The auto-incrementing primary key model utilized by many databases is extremely convenient for developers for many reasons. However, it comes at a cost: primary keys are easily guessable by attackers, who are able to enumerate and explore the entire key space. Some notable examples of this problem include an AT&T security flaw which exposed the email addresses of all iPad users .

More recently these low-entropy identifiers have enabled so-called " Zoom Bombing ", where attackers are able to guess the identifiers of valid Zoom channels and thereby gain access to them.

These identifiers are a standard feature of all SQL databases, easily remembered, easy-to-communicate (in text or spoken form), and generally ubiquitous in many applications.

AES-SID is designed to allow developers to retrofit applications which use low-entropy auto-incrementing primary keys in such a way that they can be deterministically and reversibly mapped to 128-bit external/"masked" values (that can be serialized as e.g. a UUID), while ensuring that the "masked" values are randomly distributed and unguessable by an attacker (with greater-than-chance success in the 128-bit integer space, which is widely regarded as the baseline for symmetric cryptography).

One way to solve this problem is to use a (cryptographically) random UUID as a primary key instead of an auto-incrementing one. This is a perfectly valid approach, and one worth considering, but it comes at a price: UUIDs are long and high-entropy, which means they aren't easily spoken, or even remembered or manually typed by someone who has read them.

However, if applications are already leveraging auto-incrementing integer identifiers, a migration to randomized UUIDs is potentially complex. That said, even for greenfield applications, low-cardinality auto-incrementing IDs starting at (0,1) are extremely convenient from a developer experience perspective: they're easy to remember, to type, and to speak.

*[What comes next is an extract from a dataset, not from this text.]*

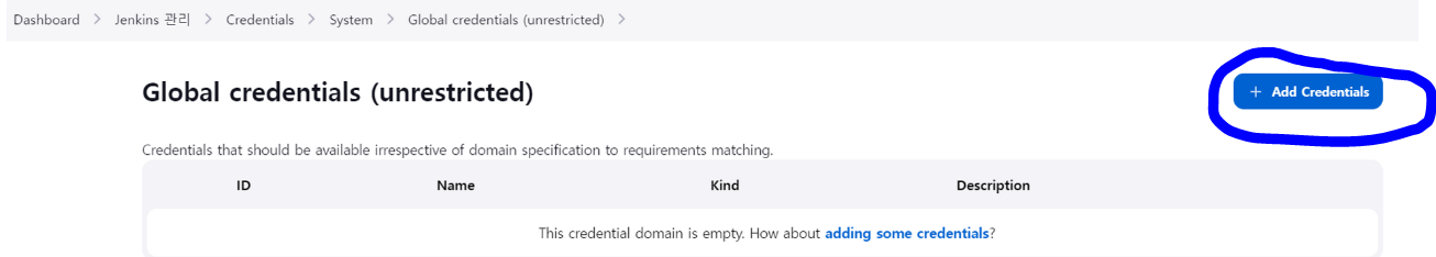 - Gloabl credentials 설정에 들어가서 Credentials를 추가하자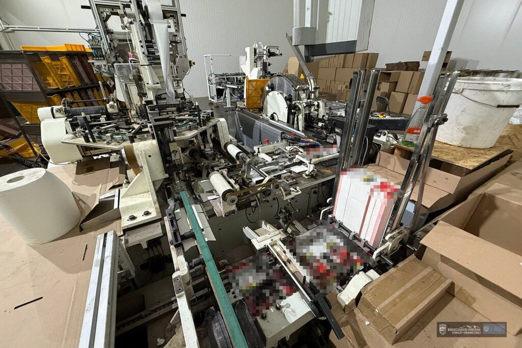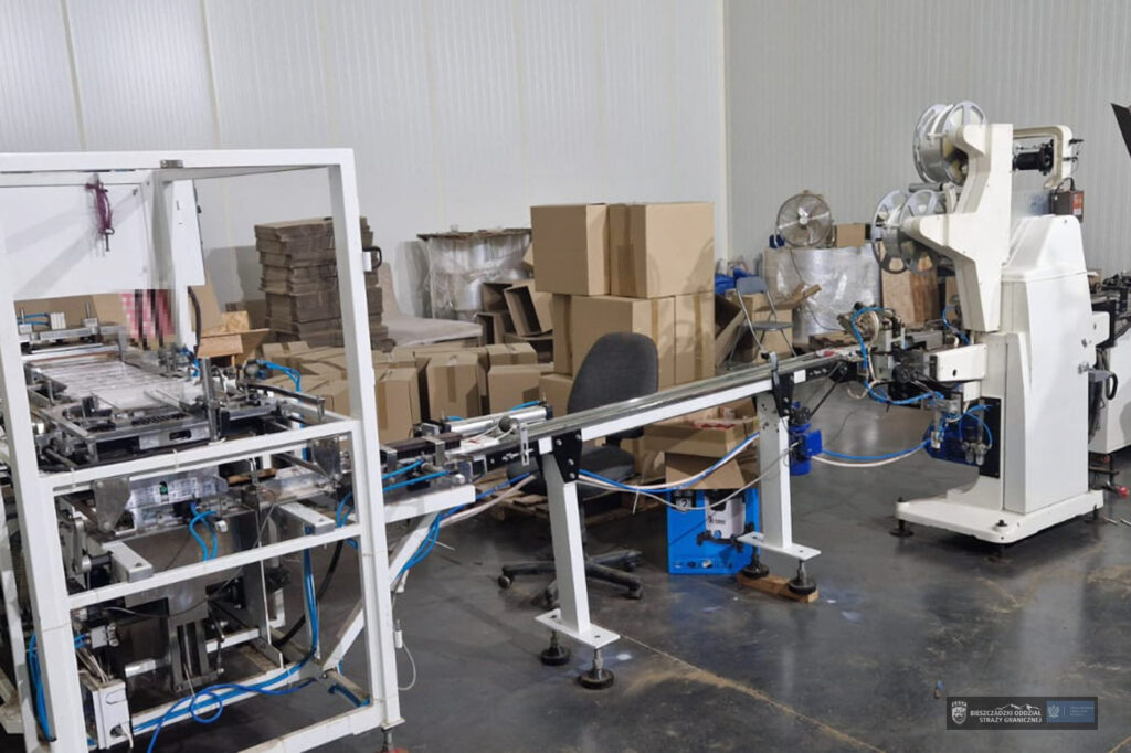 Funkcjonariusze Bieszczadzkiego Oddziału SG oraz CBŚP w woj. łódzkim i mazowieckim wykryli tytoń, gotowe papierosy, półprodukty, maszyny, linię produkcyjną oraz kilkanaście osób, w tym 9 Armeńczyków zaangażowanych w działalność zorganizowanej grupy przestępczej.

For this reason, schemes for "masking" / encrypting low-entropy numerical developers have been developed. Historically, these schemes have at least one of these two problems:

  • Identifiers are malleable , providing an advantage to attackers who are interested in guessing any valid encrypted identifier
  • Identifiers are long , e.g. exceeding 128-bits and therefore cannot be serialized as e.g. a UUID

AES-SID attempts to create a space-optimal authenticated identifier which includes a cryptographic MAC. While other schemes providing the same properties exist, this scheme is notable as being based on the SIV Mode of Operation as described by cryptographer Phil Rogaway.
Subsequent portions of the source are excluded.